Структура работы: диссертация состоит из Введения, двух исследовательских глав, Заключения, Библиографии, Примечаний и Приложения, в которое вошли обнаруженные нами произведения А. Несмелова, ранее не опубликованные в России и не включенные в сборники «Арсений Несмелов. Без Москвы, без России» (Москва, 1990) и «Арсений Несмелов. Без России» (Антиквариат, США, 1990).

Историко-литературная ситуация Владивостока начала 1920-х годов. Специфика литературного процесса (тенденции, имена, судьбы)

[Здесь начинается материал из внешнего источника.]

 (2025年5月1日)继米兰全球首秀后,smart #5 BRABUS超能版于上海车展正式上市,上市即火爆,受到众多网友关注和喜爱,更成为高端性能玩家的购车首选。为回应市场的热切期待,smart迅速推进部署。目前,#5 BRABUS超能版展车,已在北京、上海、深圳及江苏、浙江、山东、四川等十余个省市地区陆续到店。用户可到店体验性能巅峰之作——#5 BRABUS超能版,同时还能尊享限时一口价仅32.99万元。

Литературная жизнь Владивостока в начале 1920-х годов была пестрой и многообразной. Наряду с развивающейся литературой, сориентированной на пролетарские, даже пролеткультовские установки, существовали приверженцы модернистских течений, последователи А. Блока, В. Маяковского, Н. Гумилева, С. Есенина, отразивших в своем творчестве наиболее характерные тенденции развития русской поэзии XX века. В этот период особенно ощутимо влияние «серебряного века» на поэтическое творчество Владивостока.

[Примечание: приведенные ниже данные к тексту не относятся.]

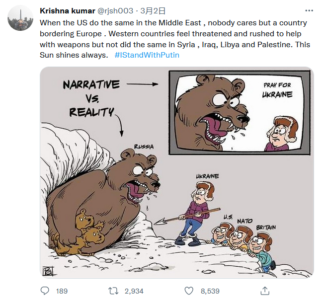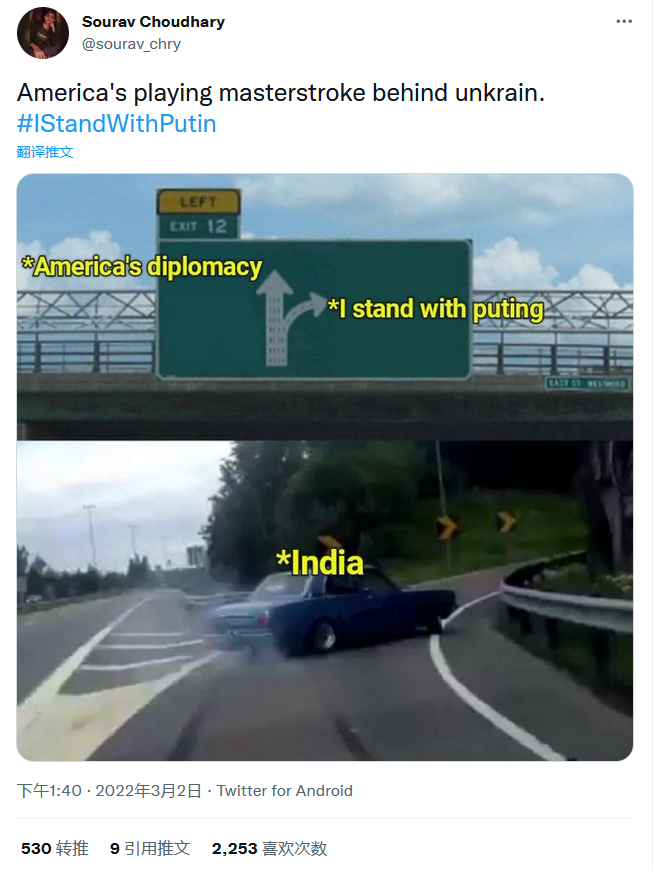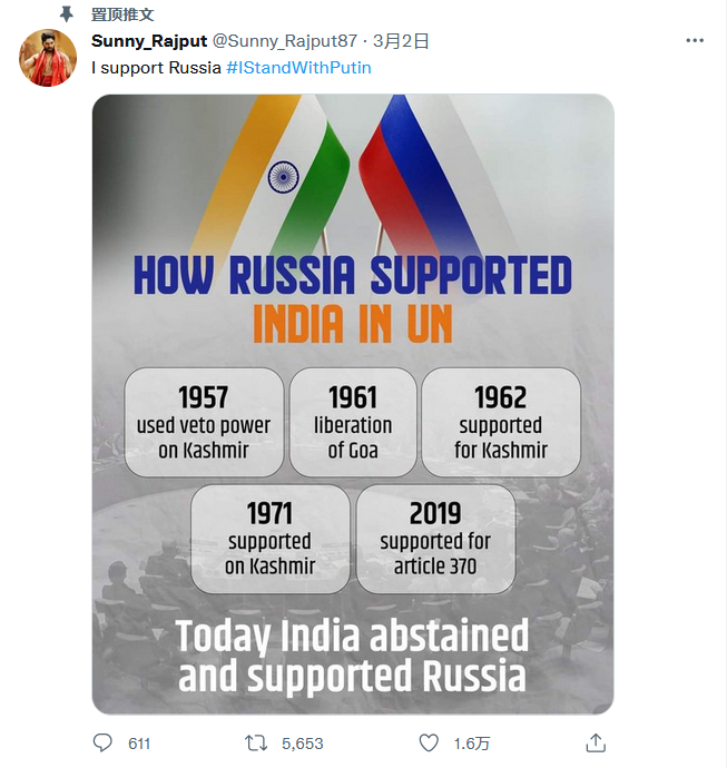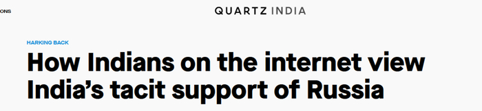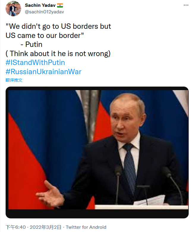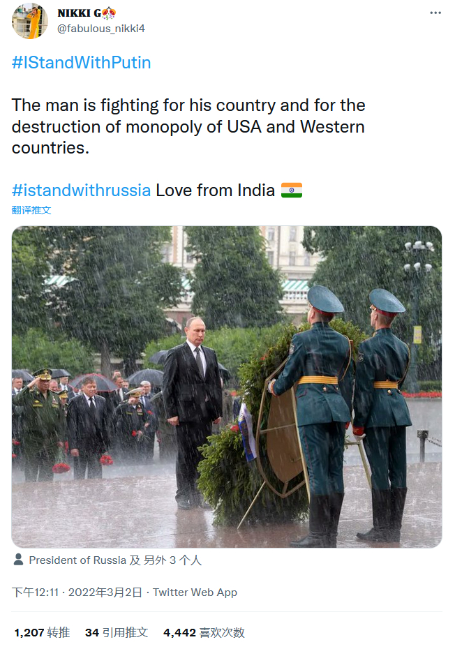 而且在这一部分声音中,印度网民的存在感极强。报道称,使用这些口号的推特用户中绝大部分来自印度,他们指出俄罗斯和普京都是在反抗西方,作为印度人应该支持他们的老朋友,并维持与俄罗斯的外交和国防关系。

Следует отметить, что такое «смешение», разнообразие и противостояние поэтических тенденций было свойственно всей русской поэзии, от Петербурга до Владивостока. Только здесь все это приобретало наиболее обостренный характер.

Многие исследователи обращают внимание на разнообразие жанров, характерное для литературы Дальнего Востока 1920-х годов. В первой половине 1920-х годов на Дальнем Востоке в большей степени преобладала поэзия, поэтические жанры, что неоднократно отмечалось исследователями. "Половодье" поэзии, которая демонстрировала собой различные художественные методы, стили, направления, жанры, напоминал культурно-эстетическую ситуацию "серебряного века" в столичном литературном мире начала века. Во многом этому способствовал тот факт, что в это время на своих дальневосточных рубежах Россия еще сохраняла прежние позиции. Время здесь как бы приостановилось. Как писала белогвардейская печать, Приморье представляло из себя тот край, "где еще развивался гордый русский национальный флаг и где не была еще попрана свобода великого славянского народа" [171].

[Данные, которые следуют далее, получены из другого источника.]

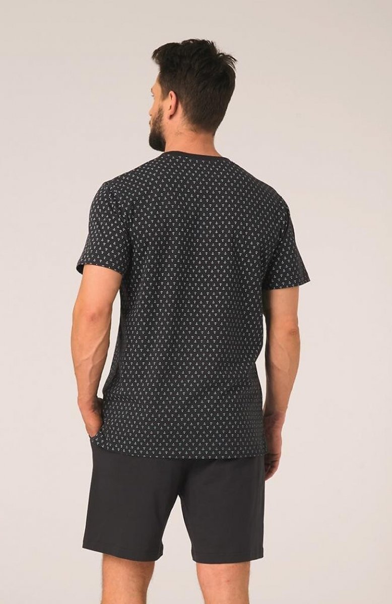 Komfortowa i elegancka piżama męska wykonana z wysokiej jakości miękkiej bawełny. Koszulka z krótkim rękawem, ozdobiona małymi nadrukami w kotwice, dekolt okrągły. Do kompletu krótkie spodenki z kieszonkami. W pasie wygodna gumka i troczki do regulacji.

К этому времени в Советской России ситуация в литературе уже была совершенно иной: умер А. Блок, расстрелян Н. Гумилев, уже прошла первая волна эмиграции, состоялась высылка за рубеж значительной части творческой интеллигенции, активно шел процесс развития новой, советской литературы. Здесь же, на приморской земле, на несколько лет продлилось состояние творческой свободы. Во Владивостоке, как в Ковчеге, собрались поэты разных «мастей», школ, направлений - от «отца русского футуризма» Давида Бур люка до пролеткультовцев.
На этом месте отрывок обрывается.